Monday, December 29, 2014

Mount TBR #37



I read this book for the Mount TBR reading challenge 2014.

Murder in High Place - R. B. Dominic, 1970

When combative Karen Jenks is recalled from a small South American country where she was conducting research for her master’s thesis, she demands that her congressman help clear her name,. Her rep in D.C. is series hero Benton “Ben” Safford (D., OH). He starred in seven mysteries between 1968 and 1983. This is the second in the series.

Ben’s default setting is to do his best by his southern Ohio constituents. So, only reluctantly does he get involved in a matter that touches on foreign affairs. Just before a meeting at which he was going to discuss Jenks’ case, a foreign aid bureaucrat is bashed on the head and tossed out a window. Ben and his staff are also put in the poor position by Karen Jenks, who is beautiful, bright, and noisily suspicious of everything and everyone. Her obnoxious character is strong and attractive in a novel of vividly drawn insufferable characters. Also, many sensitivities and interests complicate matters for Ben’s office, the country's embassy, the State Department, and the Washington police.

The reader gets the feeling of being privy to a closed world of insiders. However, given the novel was published in 1970, it feels in other ways like an artifact of a bygone age. Political disagreement is not a barrier to personal respect and friendship, an idea that seems quaint in our era of the institutionalized partisan divide. The conservatism-lite feels old-fashioned too. As we’d expect, people left of center are condescendingly dismissed as strident na├»ve utopianists.

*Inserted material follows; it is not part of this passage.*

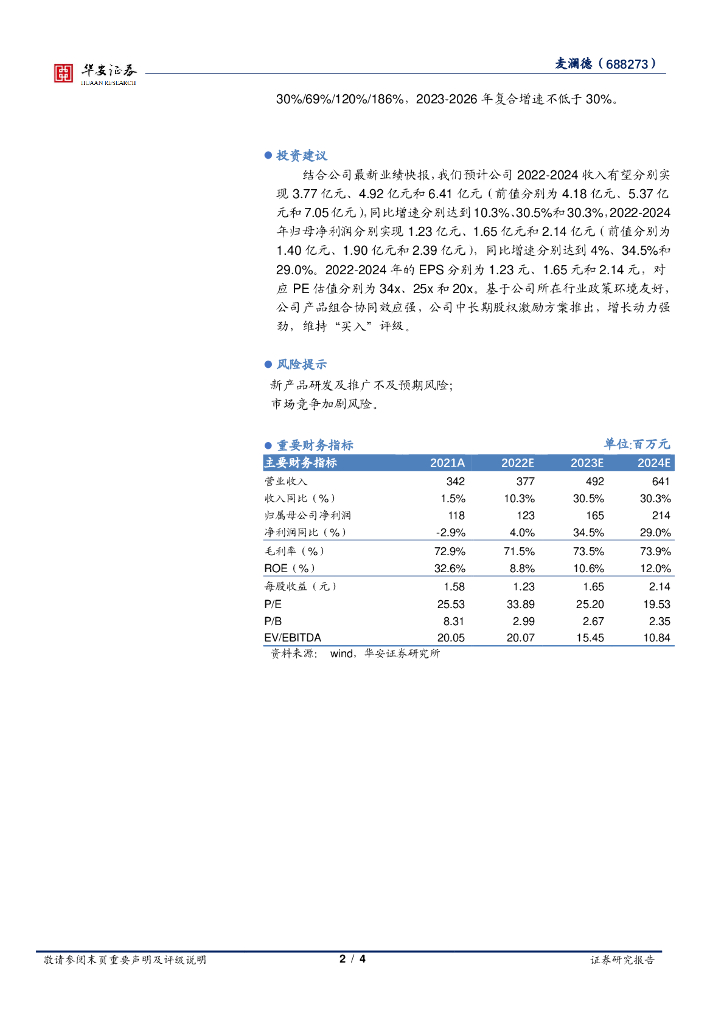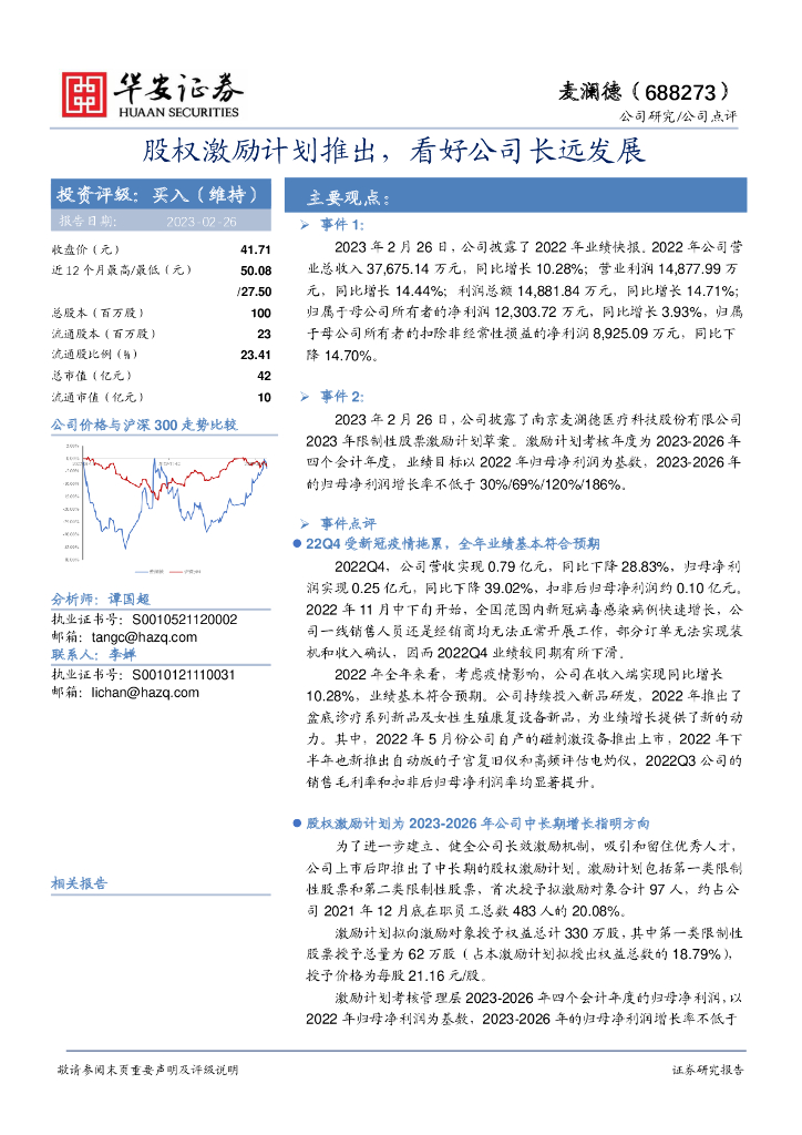 华安证券:麦澜德(688273)-股权激励计划推出,看好公司长远发展.pdf

But John Adams and Theodore Roosevelt-like asides indicate the powerful elite in the public and private sectors are unscrupulous, undemocratic, and power-hungry so they need close minding and strict regulating.

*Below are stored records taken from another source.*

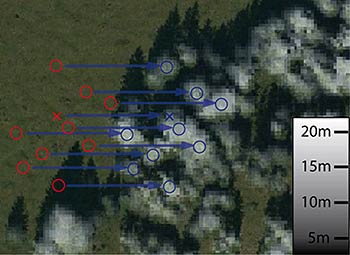 Da die Probeflächenmessungen der ÖWI für die Kalibrierung der Vorratsmodelle dienen, ist eine exakte Co-Registrierung der ÖWI-Stichprobenflächen auf die ALS-Daten erforderlich. Die mit GPS gemessenen Koordinaten der ÖWI Probeflächen sind dafür meist nicht ausreichend genau (Abbildung 2).
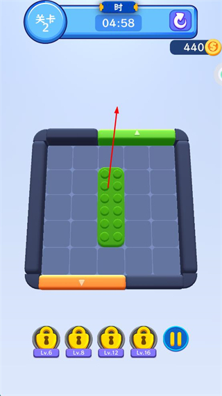 1、关卡2中移动绿色长条积木至顶部绿色区域,使积木与区域颜色形状匹配,完成该关卡要求。
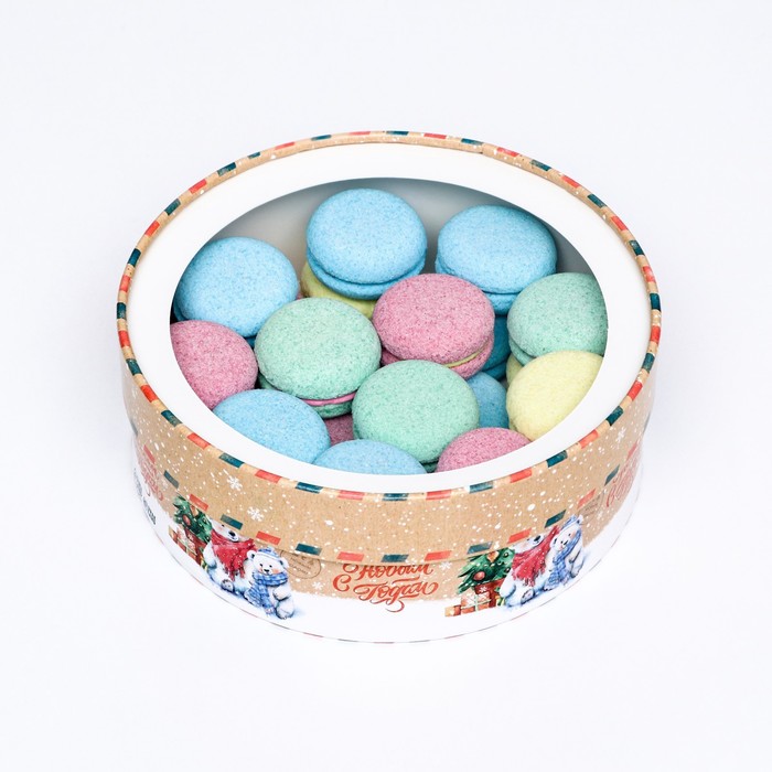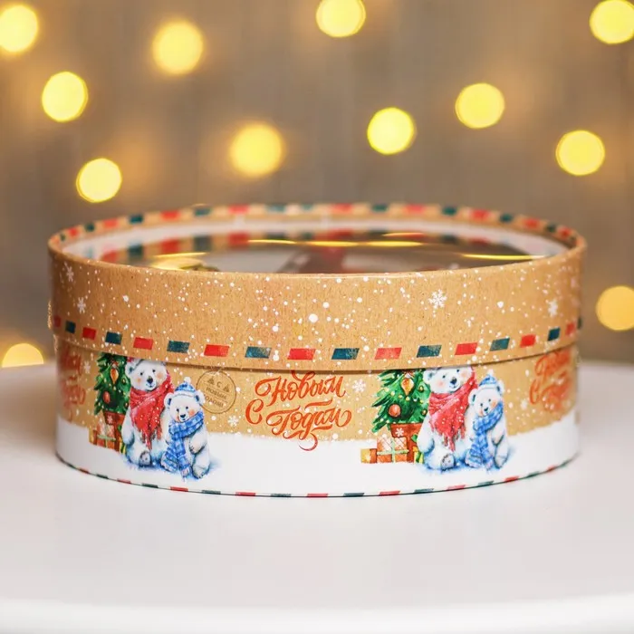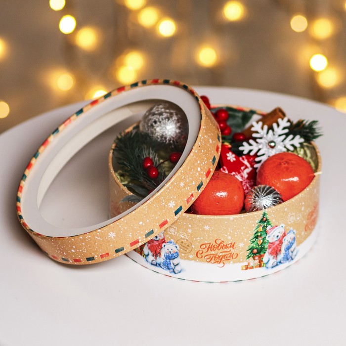 Коробка подарочная новогодняя для макарун тубус с окном «Новый год у Ёлки», 20.5×20.5×7 см — Характеристики

The light tone is urbane and droll, the dialog suave and amusing. This is only what we would anticipate from R. B. Dominic, which was the pen name of two American businesswomen, economist Mary Jane Latsis (1927 –1997) and lawyer Martha Henissart (1929 - ). They also wrote under the name of Emma Lathen, with the series hero John Putnam Thatcher, a Wall Street investment banker before that job title became synonymous with “villain.”